Date of Award

2016

Degree Type

Thesis

Degree Name

Master of Science in Mechanical Engineering and Applied Mechanics

Department

Mechanical, Industrial and Systems Engineering

First Advisor

Arun Shukla

Abstract

This research examines the fabrication and electro-mechanical properties of functionally graded graphene-nylon segregated composites. A novel production technique was expanded upon to produce segregated nylon-pellet and graphene nanocomposites with low percolation threshold for electrical conductivity. This particle templating procedure effectively disperses graphene within the nylon pellet matrix and is hot-press melted into three-inch diameter discs. While ideally structured for electrical transport, these specimens are mechanically weak along the polymer grain boundaries. To enhance the mechanical properties, a double-rotary shearing step was added to increase mechanical strength without significant sacrifice to electrical properties, signifying the shearing method is a viable trade-off fabrication approach. Lastly, a production technique for fabricating graphene-nylon textiles with conductive properties was investigated. Graphene-coated nylon yarn in a polymer matrix proved to have high electrical conductivity.

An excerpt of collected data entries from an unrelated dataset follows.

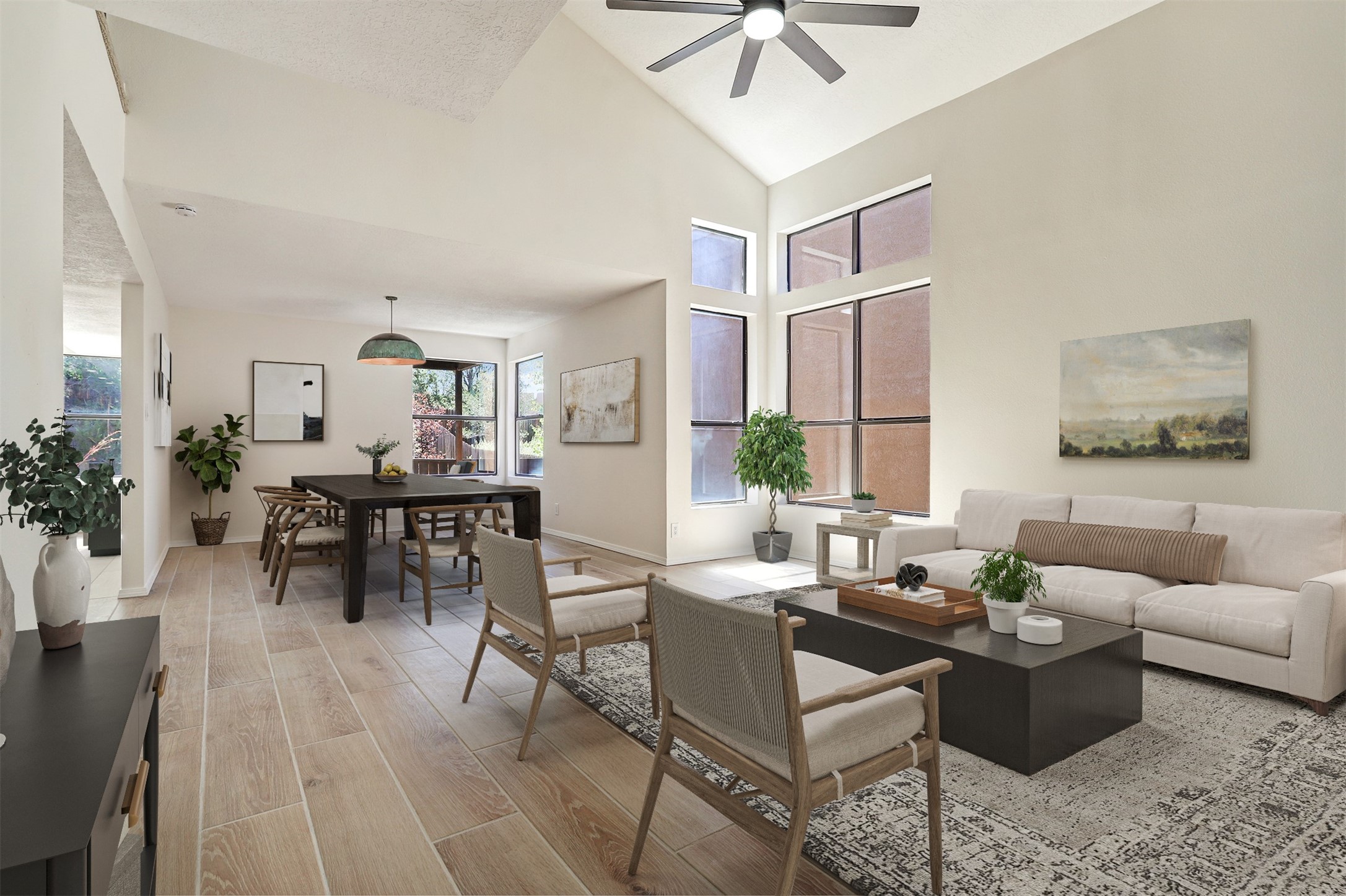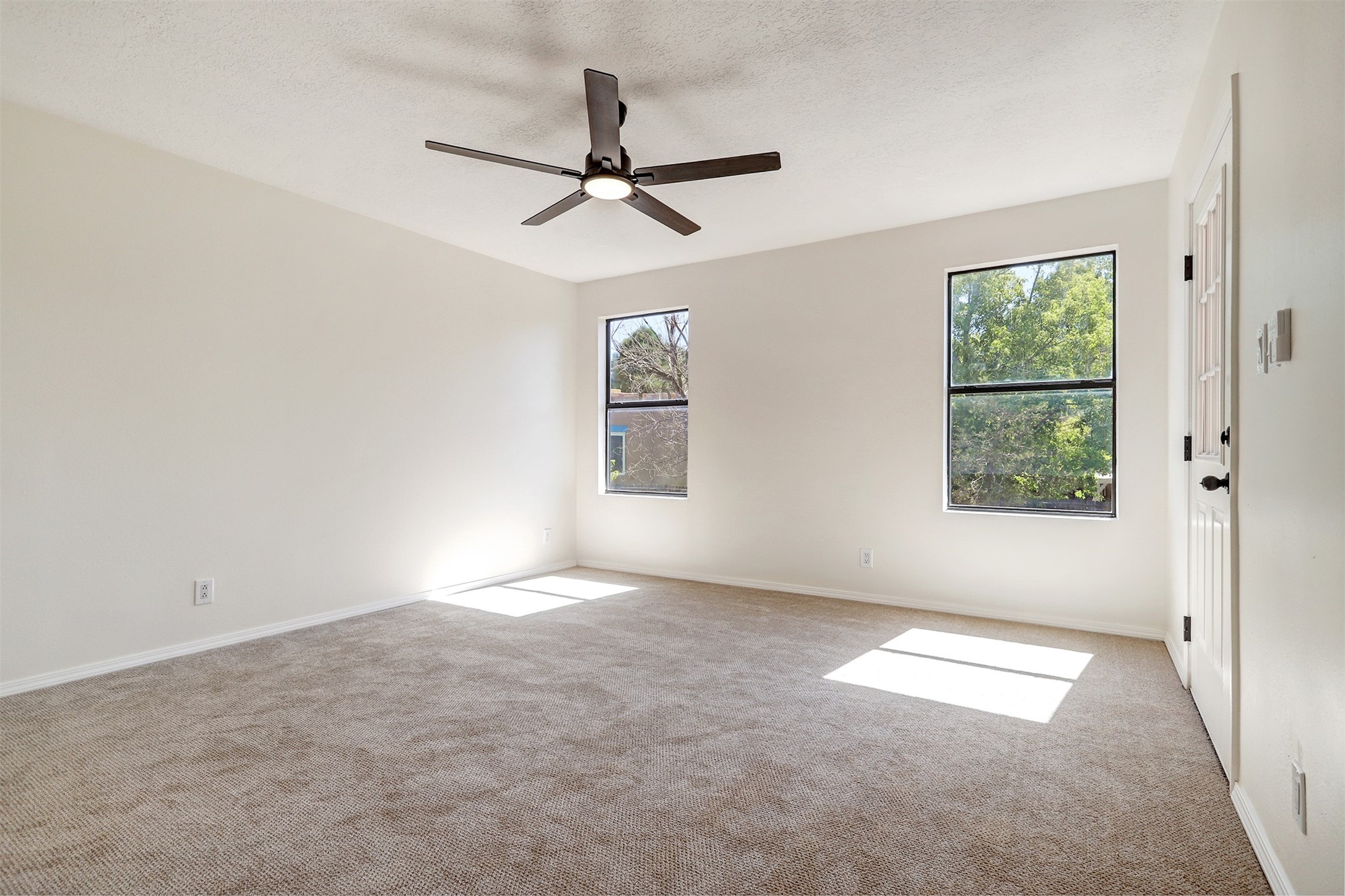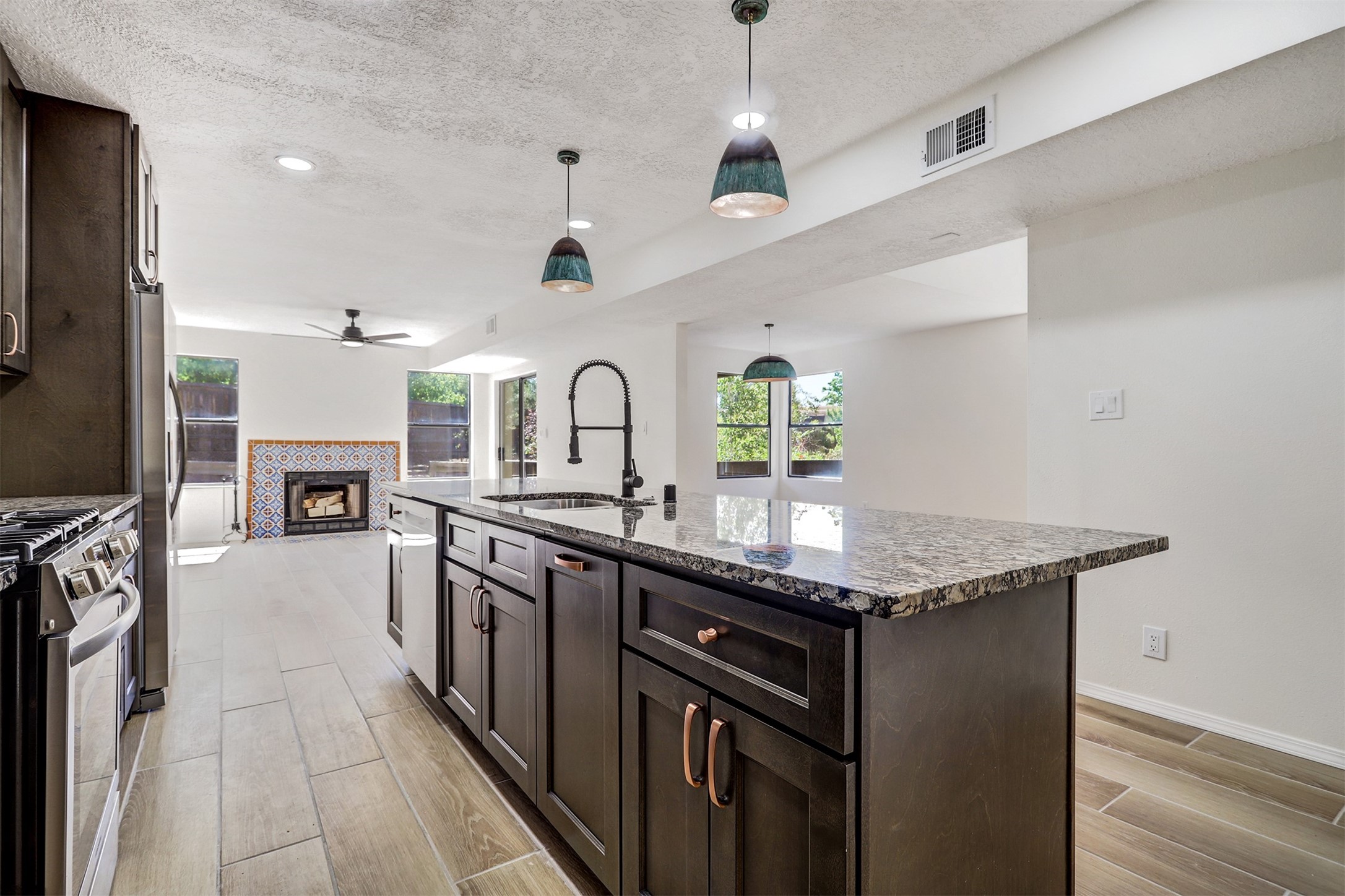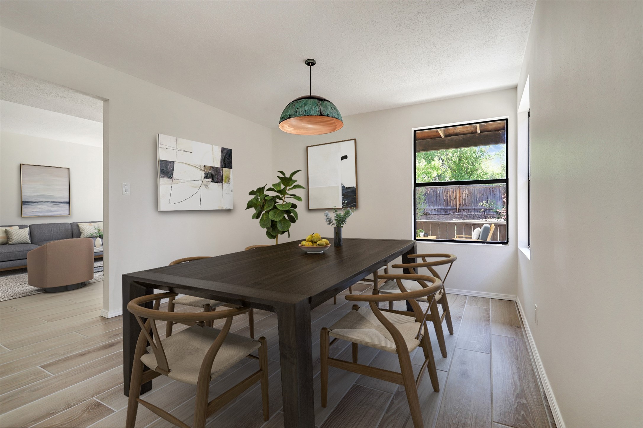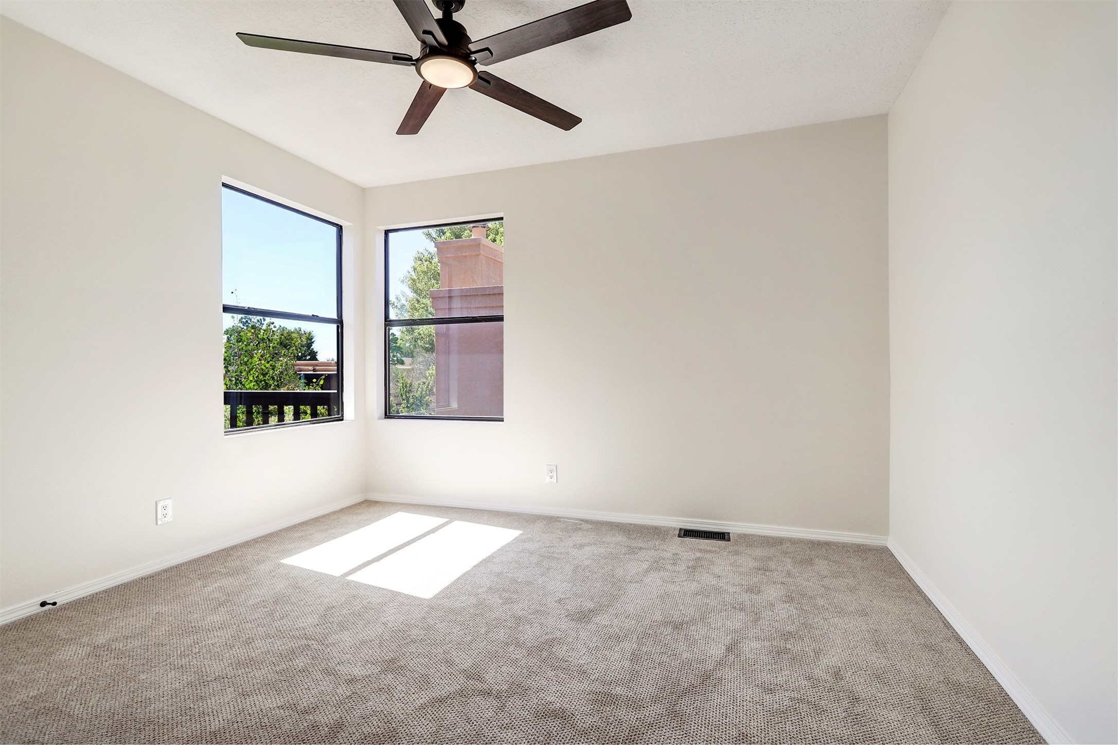 Welcome to this stunning two-story home, perfectly positioned in the serene and sought-after Via Caballero neighborhood. Nestled among graceful Pueblo-style homes and quiet, landscaped streets, this property offers a peaceful retreat while keeping you close to city amenities. This spacious 4-bedroom residence has been thoughtfully upgraded inside and out, offering comfort, style, and peace of mind with every detail. From the moment you step inside, you'll feel the warmth and character this home provides. With two living areas, there's plenty of room to relax or entertain. One features a cozy fireplace enhanced by custom tile work, creating an inviting atmosphere to gather. The kitchen serves as the heart of the home, featuring a massive granite island for prep and casual seating, gorgeous new cabinetry, and a custom tile backsplash that adds an artisan's touch. Brand-new stainless steel appliances and designer light fixtures lend both elegance and personality. Updates continue with new tile flooring in key areas and plush carpeting in the bedrooms, blending modern style with cozy comfort. The bedrooms are spacious and inviting--ideal for restful retreats, guest space, or a home office. The primary suite boasts its own nice-sized balcony, perfect for sipping morning coffee or unwinding at sunset. Peace of mind comes standard with major improvements already complete: a new roof, refrigerated air, furnace, and water heater mean you can move right in worry-free. Outside, a generous backyard deck awaits--an ideal spot for summer barbecues, entertaining, or simply soaking up the sunshine. This home embodies thoughtful updates, custom finishes, and modern conveniences in a tranquil neighborhood setting. Known for its peaceful surroundings and proximity to everything Santa Fe has to offer, it's the perfect place to create lasting memories. Move right in and experience comfort, beauty, and charm at its finest.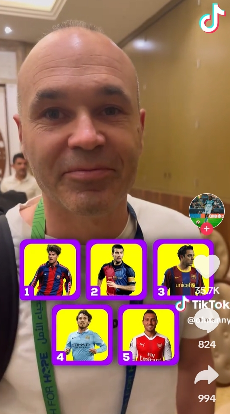 伊涅斯塔挑選歷史最佳五人陣:勞德魯普、瓜迪奧拉、哈維、大衛(wèi)-席爾瓦、卡索拉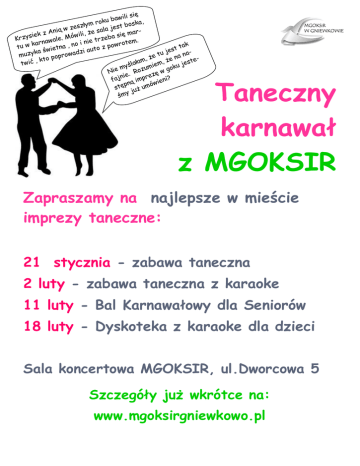 i się bawil u k , o r boska złym t s s e e z j sala nią w rkzA ili, że ię ma e i w s s ó a y M b z Kr rze ale. em. i nie t arnaw o k n w , owrot ak p u a t n z t o e st t ut a świ e i a j z k d y tu na muz rowa o pop , że , że na tet k m , a ć s ł twi yśla umiem oku je m Nie e. Roz zę w g ni re faj imp wieni? ą n ó p stę uż um j y śm Taneczny karnawał z MGOKSIR Zapraszamy na najlepsze w mieście imprezy taneczne: 21 stycznia - zabawa taneczna 2 luty - zabawa taneczna z karaoke 11 luty - Bal Karnawałowy dla Seniorów 18 luty - Dyskoteka z karaoke dla dzieci Sala koncertowa MGOKSIR, ul.Dworcowa 5 Szczegóły już wkrótce na: www.mgoksirgniewkowo.pl

Chapter one is an introduction to graphene and related studies and applications. The nylon-pellet graphene material fabrication and testing are explored in chapters two and three respectively. Chapter four addresses the nylon-yarn and graphene composites. Electrical conductivity was measured using a high resolution four-point probe method. Three-point bend and tensile testing experiments were used to evaluate mechanical properties.